Every UK pricing actuary building a frequency GLM on motor BI data has a version of this conversation with their reserving colleague. You want to include Q3 and Q4 of the most recent accident year — you have 18 months of data and throwing it away feels wasteful. The reserving team hands you a set of LDFs from the quarterly triangle. You apply them. You move on.

The problem is not the LDFs themselves. The problem is that aggregate LDFs assume your recent business has the same risk profile as your historical average. If you’ve written more fleet in the last 18 months — or more high-NCD motor at the younger end of the age distribution — the aggregate factor will mismatch. Fleet motor PD has a median reporting delay of around 2 months. Young driver motor BI runs closer to 4–5 months with a long right tail extending past 18 months. These are not the same development pattern. Averaging them gives you a factor that is wrong for both.
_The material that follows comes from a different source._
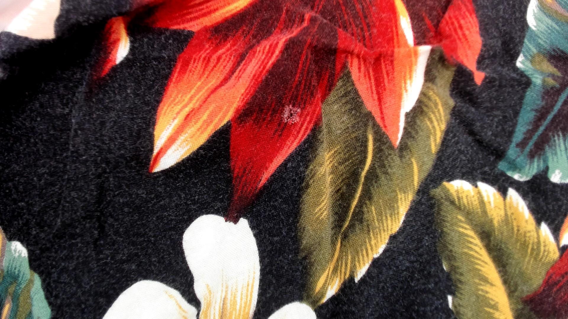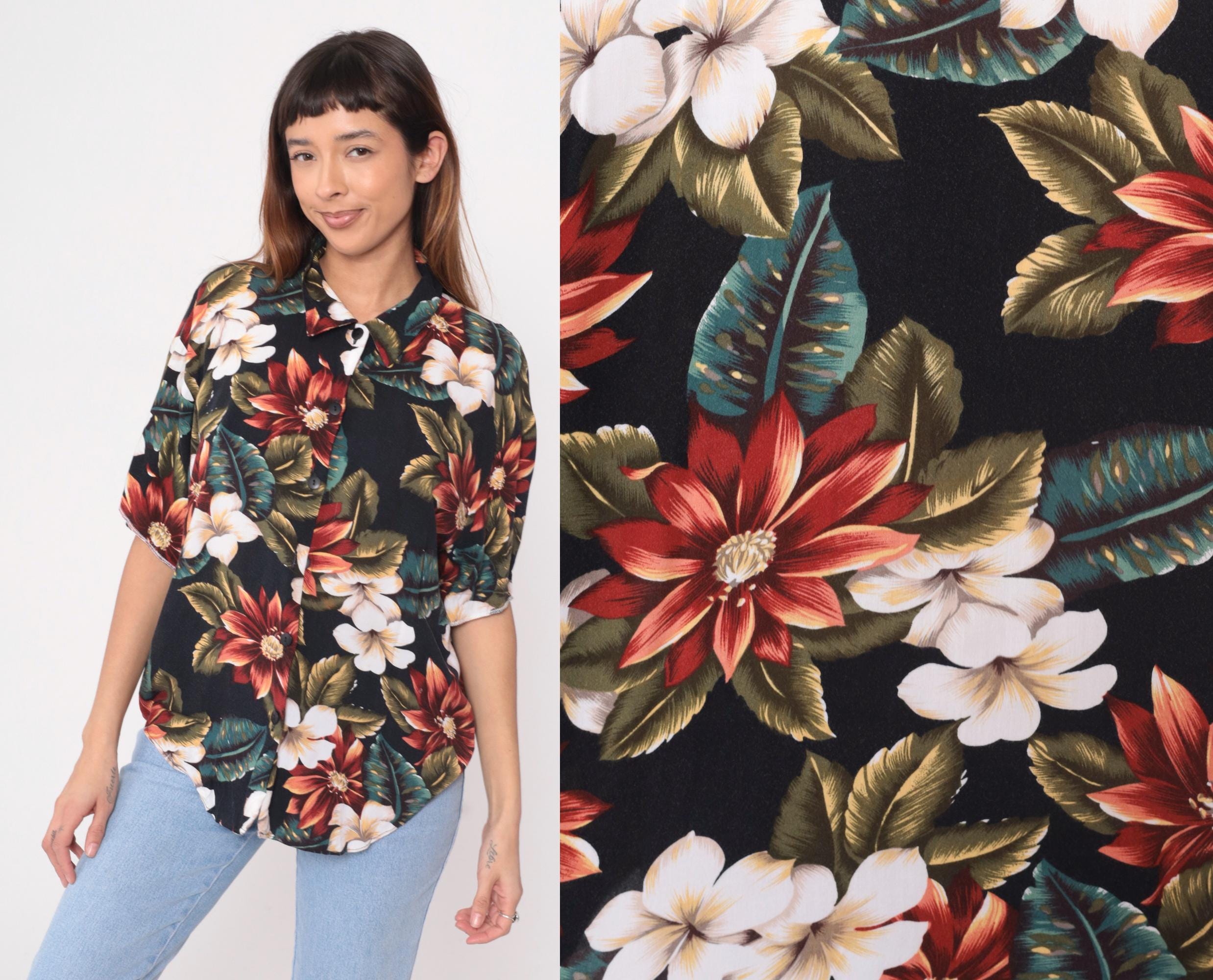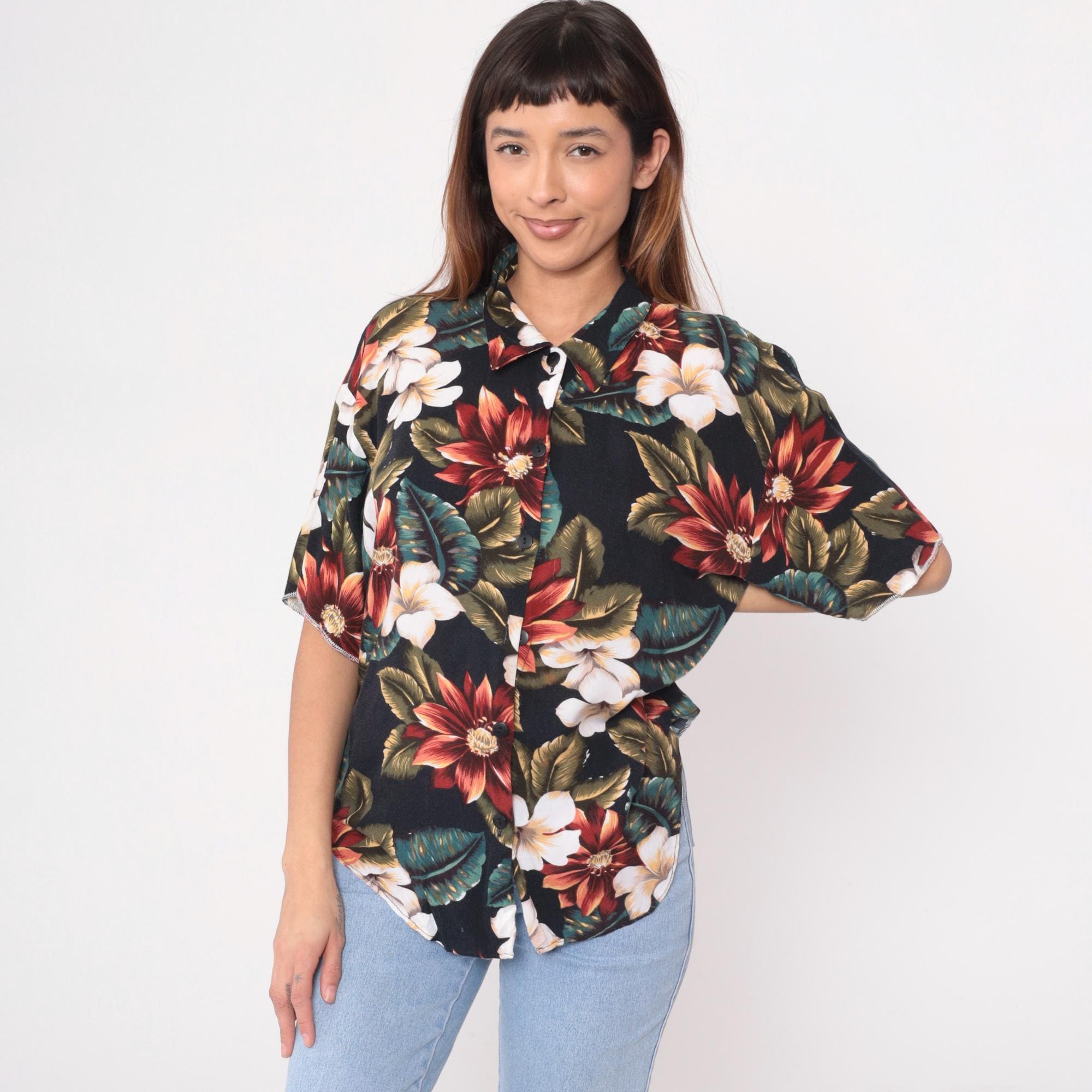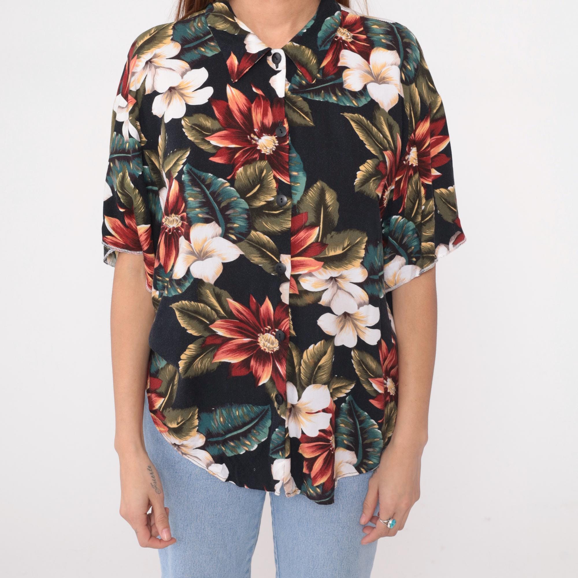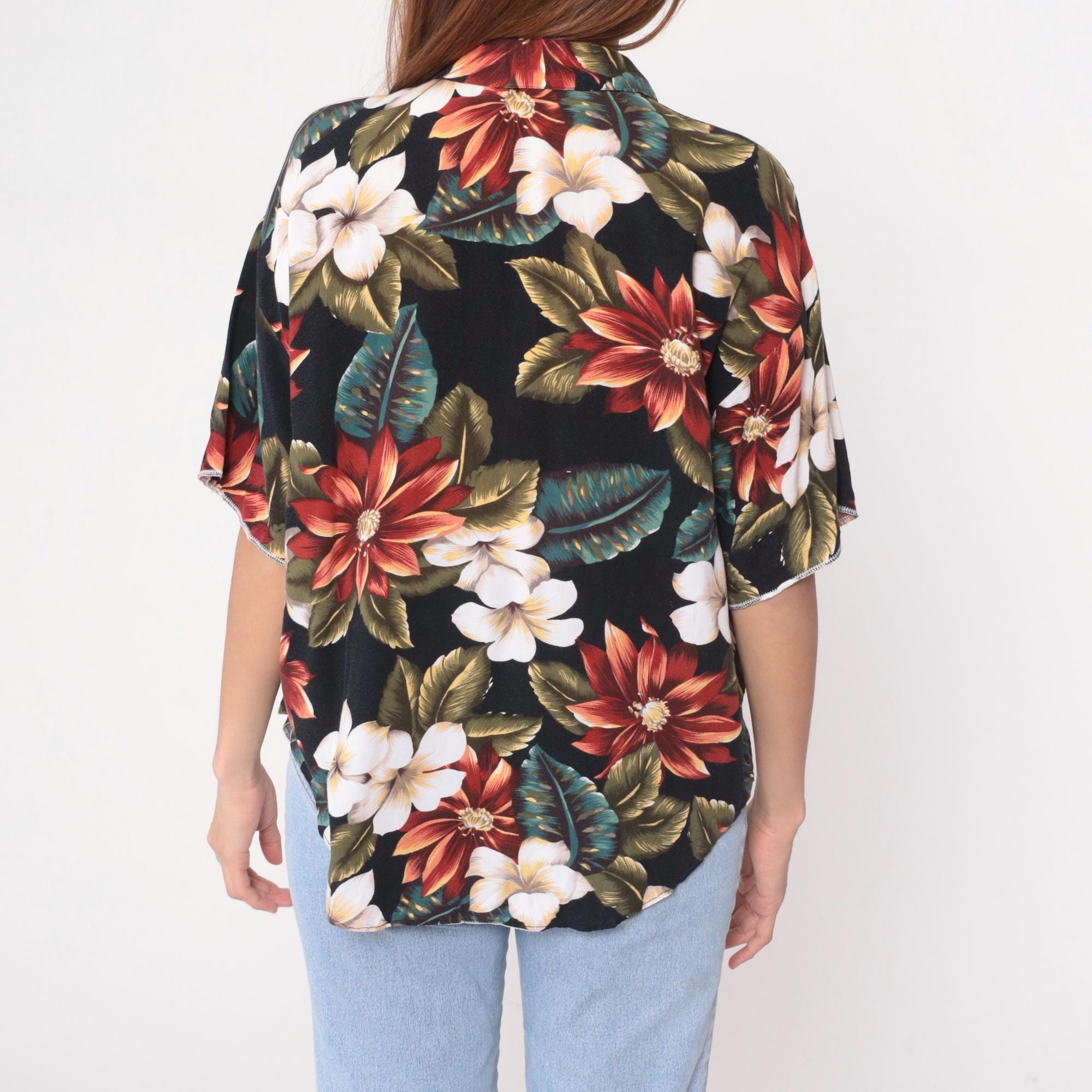 90s black shirt with tropical floral print featuring white plumeria flowers, red poinsettia-style blooms, and green and teal palm leaves across the fabric. Pointed collar, button front closure with black buttons, short sleeves with unfinished hems.

The subtler version of this failure is invisible. Your Q4 data looks like a low-frequency quarter — so either you discard it, or you apply the LDF and it corrects for average development but not for the shift in risk mix. Either way the resulting frequency model is slightly biased towards the mix of business you wrote historically rather than the mix you’re writing now. This bias is hard to see in diagnostics, it doesn’t show up as a model failure, and it compounds at the rate at which your book is shifting.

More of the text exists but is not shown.